Posted on 05/16/2002 9:02:15 AM PDT by alancarp

Introduction:

As a physician who still sees patients on a regular basis I have a keen interest in developing cures for diseases that plague so many of my patients. We all have family members who suffer from disease and we all hope for a cure. I have remained an avid supporter of the NIH and am pleased to have taken an active role in doubling the funding for the NIH so that we can find cures.

Scientists have announced that they are working to clone human beings. Today, you will hear testimony from one such researcher. The complete ban on human cloning that passed the House last July, was supported by a wide bipartisan margin, 265-162. It was supported by liberals, progressives, conservatives, pro-life and pro-choice members, and many supporters of embryo stem cell research. Clearly, the support for a complete ban on human cloning has had broad support. Why is this so?

Because human cloning is a threat to society. Human cloning moved from science fiction to reality when researchers in 1997 cloned Dolly the sheep. For the first time we have the power to redesign human beings at a basic level. Human cloning is not about procreation, it is about baby manufacture. It does not produce a child with two parents, it creates a duplicate of a human being. Human cloning is not a reproductive right, it is about eugenics and depriving children of their genetic individuality. No one has the right to alter the human species in such a fundamental way. No one has the right to turn human procreation into baby manufacture, and no one has the right to create children to their own specifications.

Some have been making highly inflated claims about the cures that will come and creating hope in those suffering from disease.
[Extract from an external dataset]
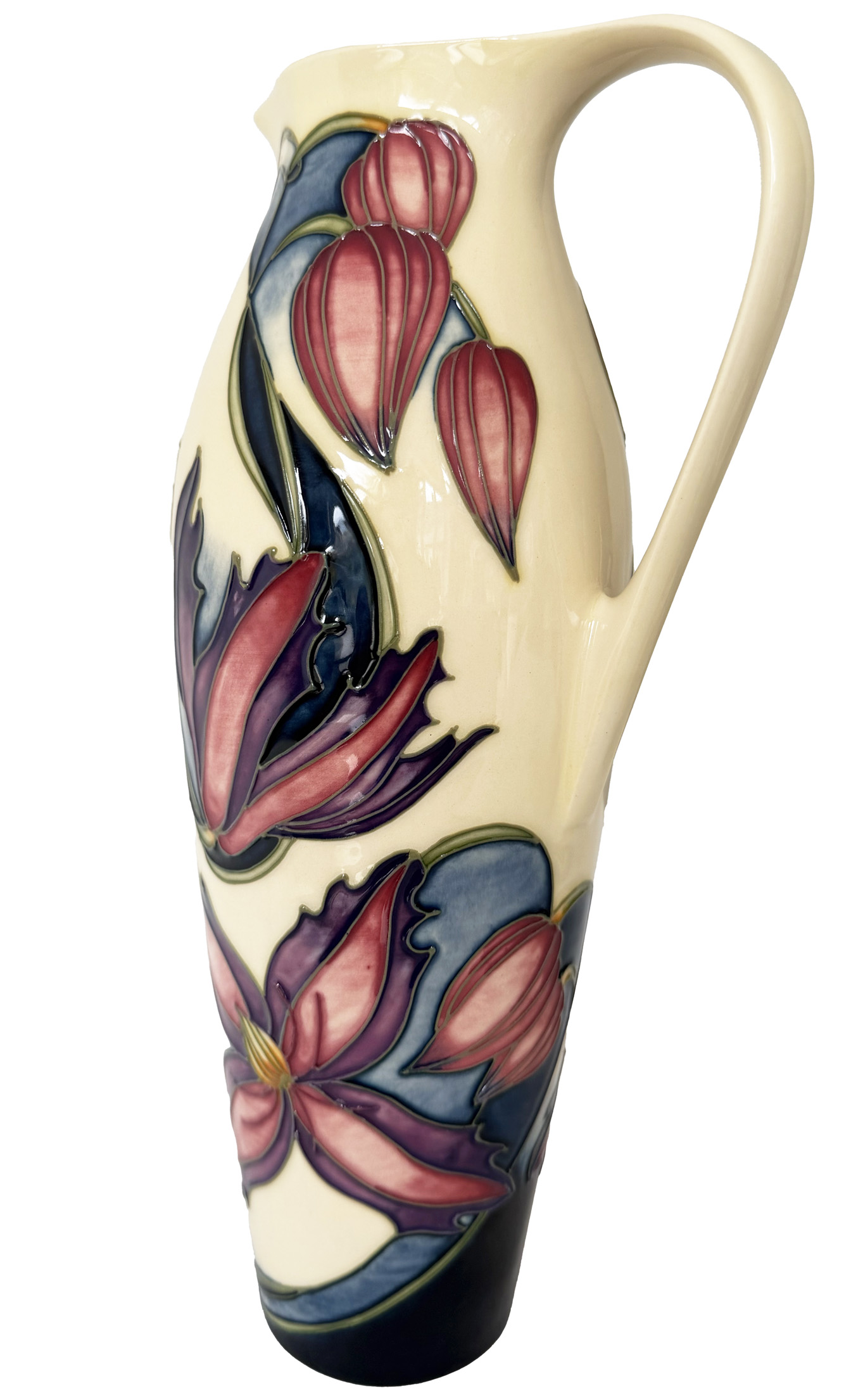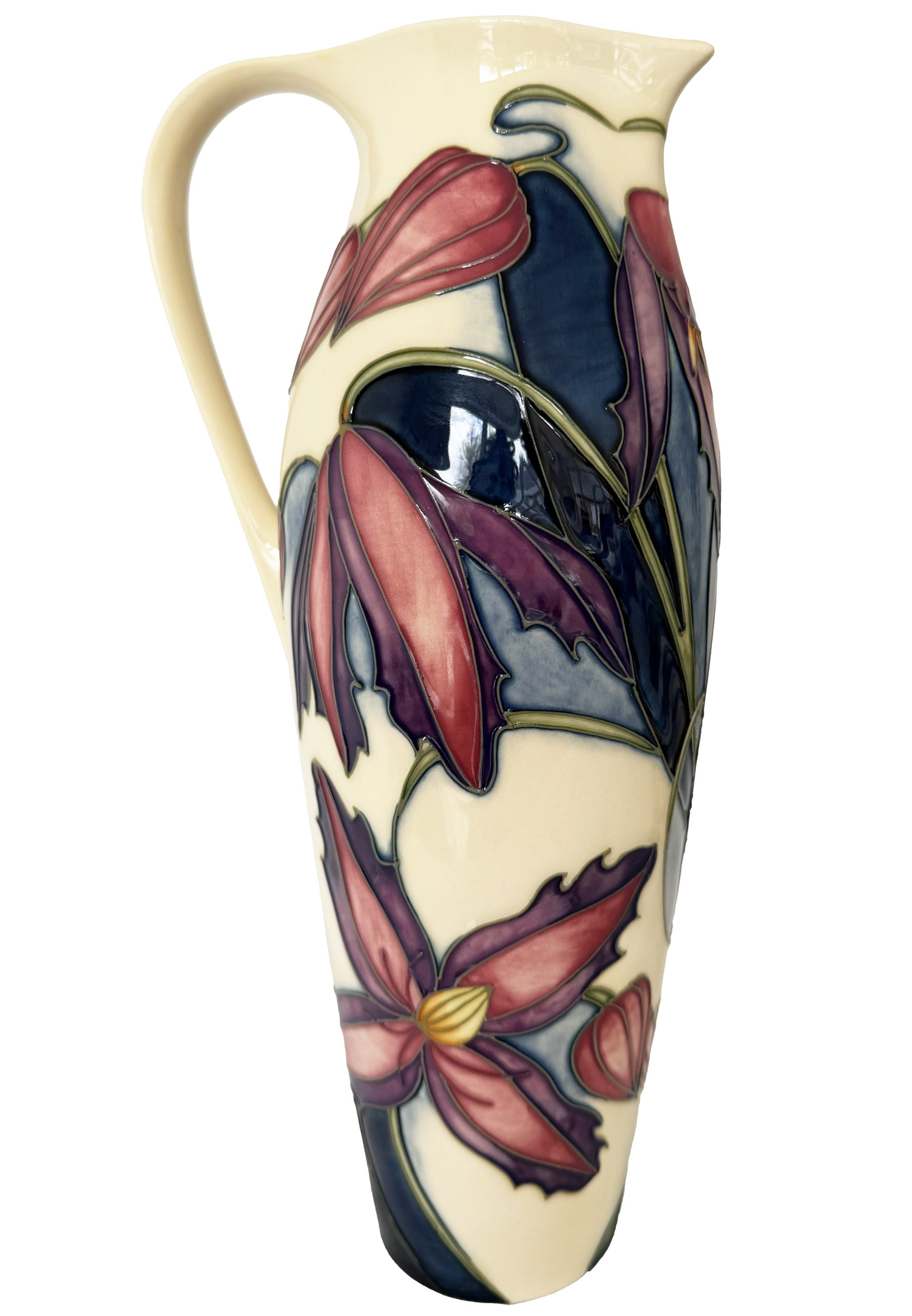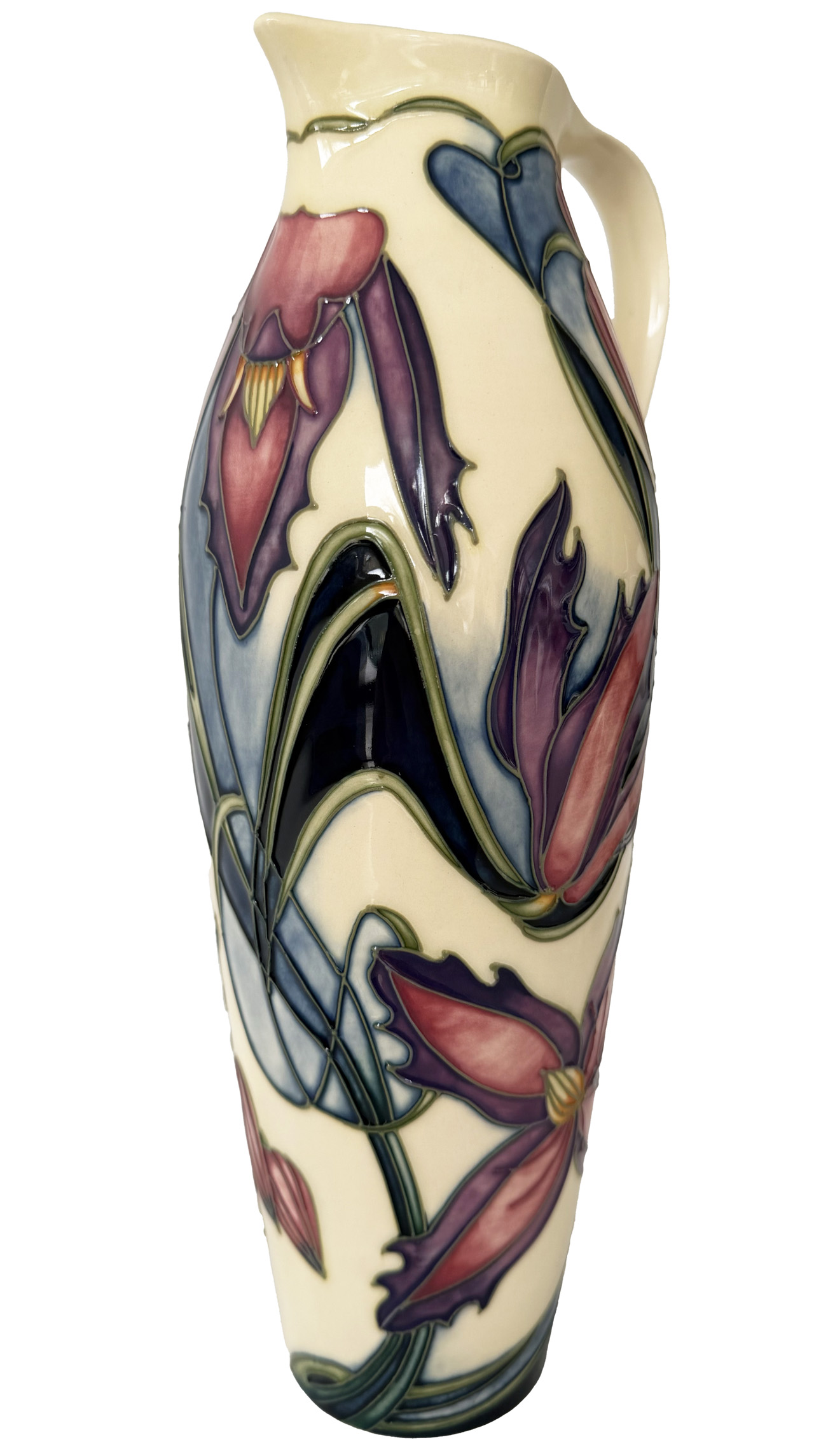 Moorcroft Wyevale Clematis Jug designed by Philip Gibson.  This was the inaugural outing of the new Moorcroft jug shape, JU5, also designed by Philip.

About nine years ago, when I was practicing medicine full-time we heard from many of these same advocates, at that time they were telling us of the great cures that are just around the corner if we only use aborted fetuses. Hopes were raised so high in so many of these patients and their families, only to be let down when those experiments proved dismal failures. We are, I am afraid, repeating history with the cloning debate. Many scientists are again using these patients in a public relations battle to garner approval for research that most Americans find objectionable. As a doctor who has, and still treats, many patients suffering from these diseases I am outraged about how these patients have been used.

How does cloning work?

Human cloning is asexual, and does not use a sperm to fertilization an egg thus joining the DNA from male and female. Rather, it involves a process called somatic cell nuclear transfer or nuclear transplantation, which has been used to clone sheep, mice, goats, cows, and cats. This occurs by removing the nucleus from a human body (or somatic) cell such as a skin cell and inserting it into a woman’s egg that has had its nucleus removed. The nucleus contains the DNA or genes that defines what makes us each genetically unique. By putting this somatic cell nucleus into the egg and stimulating it, we are thus making a cloned embryo, a genetic copy of the DNA donor.

Some want to create cloned embryos to generate cloned babies, whereas others want to clone embryos for experimental research. The goal may vary, but the cloning procedure no matter the purpose, produces a human embryo. As President Clinton’s National Bioethics Advisory Commission explicitly stated in its 1997 Cloning Human Beings:

“The Commission began its discussions fully recognizing that any effort in humans to transfer a somatic cell nucleus into an enucleated egg involves the creation of an embryo, with the apparent potential to be implanted in utero and developed to term.”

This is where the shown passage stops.